• **THE TASK**
Keep the pictures out of your copy. Transcribe the records below exactly.

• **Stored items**
+++

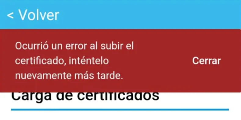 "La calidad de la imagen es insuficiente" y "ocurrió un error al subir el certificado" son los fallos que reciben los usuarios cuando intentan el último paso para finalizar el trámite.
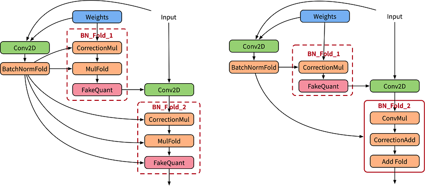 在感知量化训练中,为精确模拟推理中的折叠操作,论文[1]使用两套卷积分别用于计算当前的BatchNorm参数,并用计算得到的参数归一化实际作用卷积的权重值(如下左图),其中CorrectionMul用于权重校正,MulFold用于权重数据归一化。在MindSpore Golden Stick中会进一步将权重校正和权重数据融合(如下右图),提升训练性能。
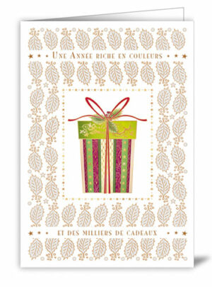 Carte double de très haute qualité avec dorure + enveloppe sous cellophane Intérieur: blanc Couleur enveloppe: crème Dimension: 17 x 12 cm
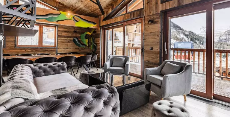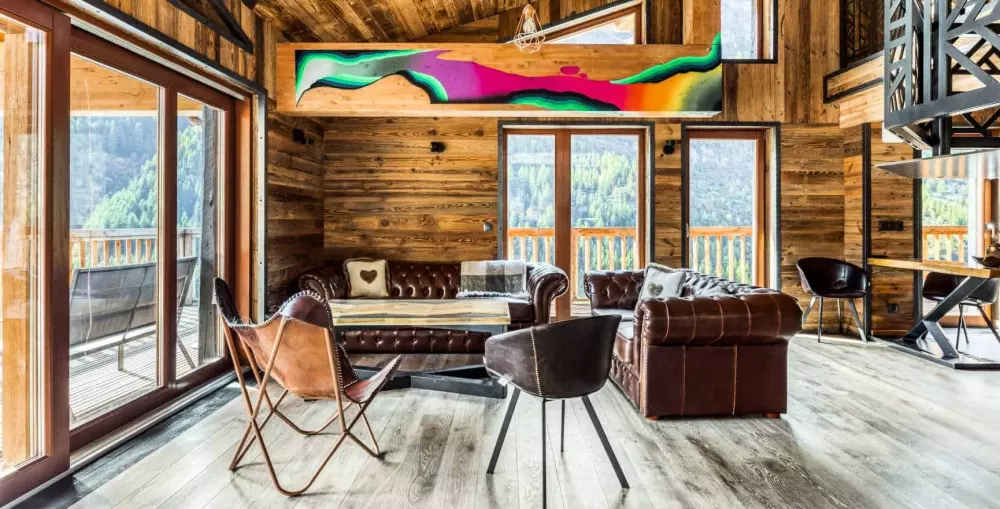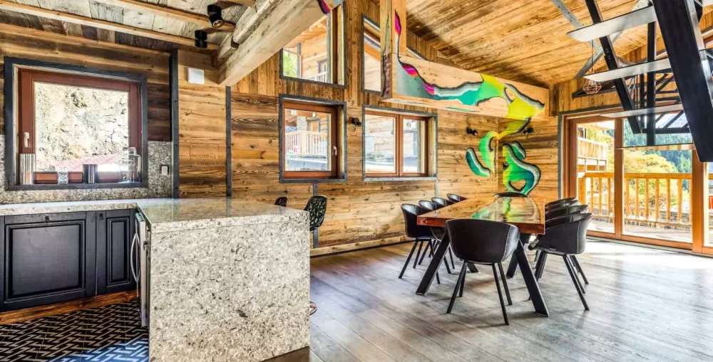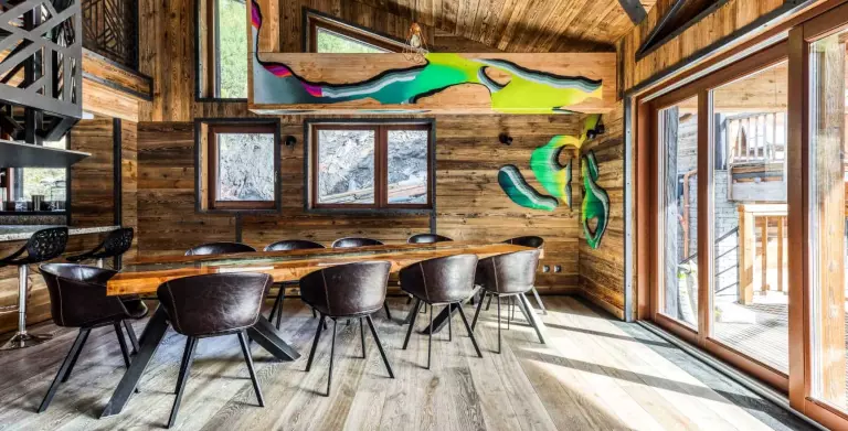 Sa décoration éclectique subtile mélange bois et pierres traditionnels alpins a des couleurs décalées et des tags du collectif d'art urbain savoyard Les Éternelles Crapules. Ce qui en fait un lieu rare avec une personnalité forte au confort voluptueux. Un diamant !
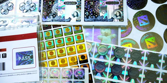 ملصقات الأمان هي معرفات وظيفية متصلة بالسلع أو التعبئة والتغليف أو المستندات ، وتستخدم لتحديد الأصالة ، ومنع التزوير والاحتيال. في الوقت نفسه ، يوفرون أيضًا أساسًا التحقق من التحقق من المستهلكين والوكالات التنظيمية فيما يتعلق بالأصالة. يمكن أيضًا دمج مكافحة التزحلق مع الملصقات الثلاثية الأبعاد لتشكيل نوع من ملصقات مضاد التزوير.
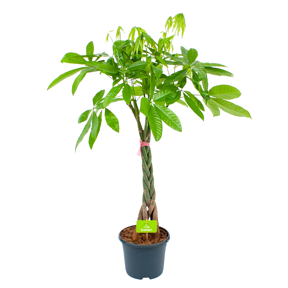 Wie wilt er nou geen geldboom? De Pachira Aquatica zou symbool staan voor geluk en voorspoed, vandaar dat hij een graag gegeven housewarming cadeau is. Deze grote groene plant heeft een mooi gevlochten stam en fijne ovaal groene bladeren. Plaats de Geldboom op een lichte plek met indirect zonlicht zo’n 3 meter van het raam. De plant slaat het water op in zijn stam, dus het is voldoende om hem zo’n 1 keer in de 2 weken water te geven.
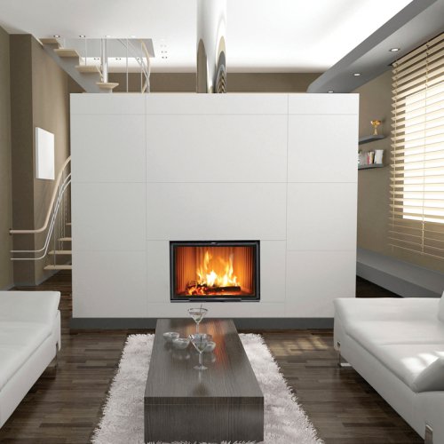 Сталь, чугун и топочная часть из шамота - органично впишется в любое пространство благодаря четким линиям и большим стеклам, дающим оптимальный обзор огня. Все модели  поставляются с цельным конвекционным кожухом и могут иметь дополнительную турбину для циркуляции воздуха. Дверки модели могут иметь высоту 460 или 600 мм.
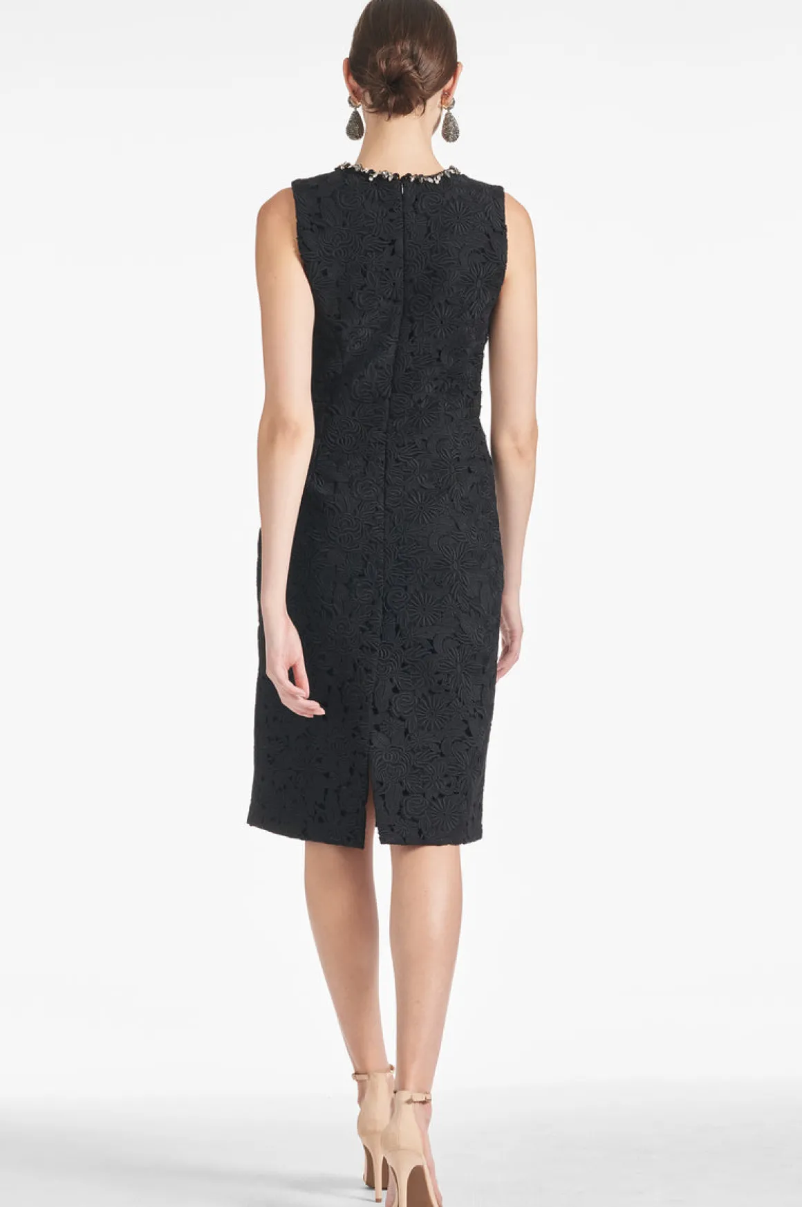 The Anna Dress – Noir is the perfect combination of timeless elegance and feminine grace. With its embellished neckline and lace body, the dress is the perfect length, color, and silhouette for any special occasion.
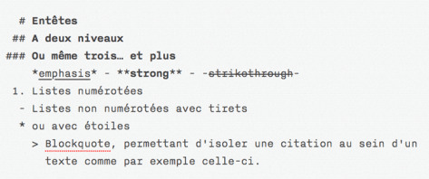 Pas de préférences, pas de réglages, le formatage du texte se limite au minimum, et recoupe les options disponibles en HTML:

+++

• **RESPONSE TO THIS EXERCISE**
 "La calidad de la imagen es insuficiente" y "ocurrió un error al subir el certificado" son los fallos que reciben los usuarios cuando intentan el último paso para finalizar el trámite.
 在感知量化训练中,为精确模拟推理中的折叠操作,论文[1]使用两套卷积分别用于计算当前的BatchNorm参数,并用计算得到的参数归一化实际作用卷积的权重值(如下左图),其中CorrectionMul用于权重校正,MulFold用于权重数据归一化。在MindSpore Golden Stick中会进一步将权重校正和权重数据融合(如下右图),提升训练性能。
 Carte double de très haute qualité avec dorure + enveloppe sous cellophane Intérieur: blanc Couleur enveloppe: crème Dimension: 17 x 12 cm
 Sa décoration éclectique subtile mélange bois et pierres traditionnels alpins a des couleurs décalées et des tags du collectif d'art urbain savoyard Les Éternelles Crapules. Ce qui en fait un lieu rare avec une personnalité forte au confort voluptueux. Un diamant !
 ملصقات الأمان هي معرفات وظيفية متصلة بالسلع أو التعبئة والتغليف أو المستندات ، وتستخدم لتحديد الأصالة ، ومنع التزوير والاحتيال. في الوقت نفسه ، يوفرون أيضًا أساسًا التحقق من التحقق من المستهلكين والوكالات التنظيمية فيما يتعلق بالأصالة. يمكن أيضًا دمج مكافحة التزحلق مع الملصقات الثلاثية الأبعاد لتشكيل نوع من ملصقات مضاد التزوير.
 Wie wilt er nou geen geldboom? De Pachira Aquatica zou symbool staan voor geluk en voorspoed, vandaar dat hij een graag gegeven housewarming cadeau is. Deze grote groene plant heeft een mooi gevlochten stam en fijne ovaal groene bladeren. Plaats de Geldboom op een lichte plek met indirect zonlicht zo’n 3 meter van het raam. De plant slaat het water op in zijn stam, dus het is voldoende om hem zo’n 1 keer in de 2 weken water te geven.
 Сталь, чугун и топочная часть из шамота - органично впишется в любое пространство благодаря четким линиям и большим стеклам, дающим оптимальный обзор огня. Все модели  поставляются с цельным конвекционным кожухом и могут иметь дополнительную турбину для циркуляции воздуха. Дверки модели могут иметь высоту 460 или 600 мм.
 The Anna Dress – Noir is the perfect combination of timeless elegance and feminine grace. With its embellished neckline and lace body, the dress is the perfect length, color, and silhouette for any special occasion.
 Pas de préférences, pas de réglages, le formatage du texte se limite au minimum, et recoupe les options disponibles en HTML:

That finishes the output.